Trump stirs strong passions, and quite a few Americans would not have chosen him to lead us in a crisis. (I am one of them.) He definitely doesn’t help matters with impulsive tweeting about threats to kill the Supreme Leader of Iran, calling to evacuate Tehran (a city of 10 million), or demanding “UNCONDITIONAL SURRENDER.” But he is the commander-in-chief, like it or not, and our nation’s interests are at stake. I also put faith in the careful, thoughtful military commanders I know are advising him.
How we got here is important. There will always be room for historical debates. But in a crisis, the most important thing to focus on is the outcome: choosing the one we want, steering toward it, and mitigating the downside risk.
The Iranian regime has long called for Israel’s destruction. Indeed, it had organized plans to achieve it—disrupted, ironically, by Hamas’s October 7th attack, which surprised Tehran as well. In the past year, Iran has twice launched overt, direct, state-on-state attacks against Israel, barrages of missiles and drones that represented unprecedented acts of war. The International Atomic Energy Agency last month documented Iran’s ability to produce a bomb’s worth of weapons-grade uranium within days, and ten bombs’ worth within weeks. And while we know of no clear decision to build a bomb, the Iranians have advanced their knowledge of weaponization and shortened the time it would take to create one once such a decision is made to no more than a few months.

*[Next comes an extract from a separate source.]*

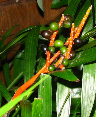 Cataractarum Palm growing seeds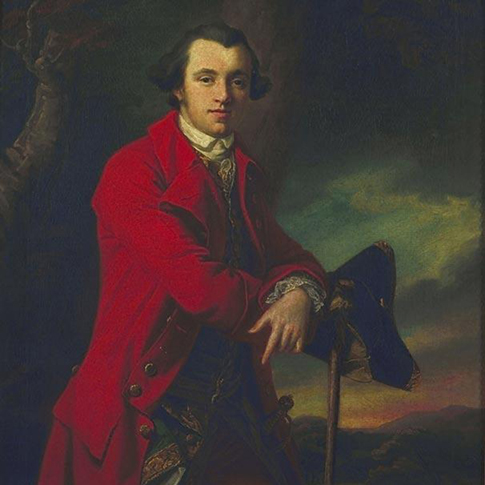 Portrait of Archibald Hamilton, 9th Duke of Hamilton (1740-1819)

With all these facts, the necessary outcome is clear: Iran cannot be left with an enrichment capability, able to produce a nuclear weapon at a time of its choosing. After this conflict, they will be more motivated than ever to have one. Trump was right to pursue that goal through negotiations, and perhaps the talks should have been given more time. Had they been, there very likely would have been a need for a crisis in the talks, backed by a credible threat of force, to have any chance of success. But Trump elected not to give Netanyahu a red light, and now we are where we are.
Israel has made impressive gains in a week of war, damaging much nuclear infrastructure and killing key scientists. That is positive progress toward the necessary outcome. But the goal has not been achieved. One way or another, the deeply buried enrichment facility at Fordow must be dismantled. There are three possibilities: an ingenuous Israeli solution using means other than aerial bombs; a U.S. bunker-busting strike using unique American capabilities; or a return to negotiations, leveraging the threat of military action, and a concession by Iran. There is still a narrow window for coercive diplomacy to produce the latter outcome. If he decides to act, Trump should make every effort to mitigate risk, protect U.S. forces and partners, and deter Iran from widening the war.
The outcome we should seek should not include regime change. The mullahs’ regime is brutal to the Iranian people and aggressive against its neighbors. But a military campaign against nuclear sites cannot execute regime change, nor control its course. If the Iranian people take matters into their hands, we should make every effort to support them.
History is a tool, not a guide. It does not replace clear-eyed confrontation of real-time choices before us.
Daniel B. Shapiro is a distinguished fellow at the Atlantic Council. He previously served a U.S. ambassador to Israel and deputy assistant secretary of defense for the Middle East.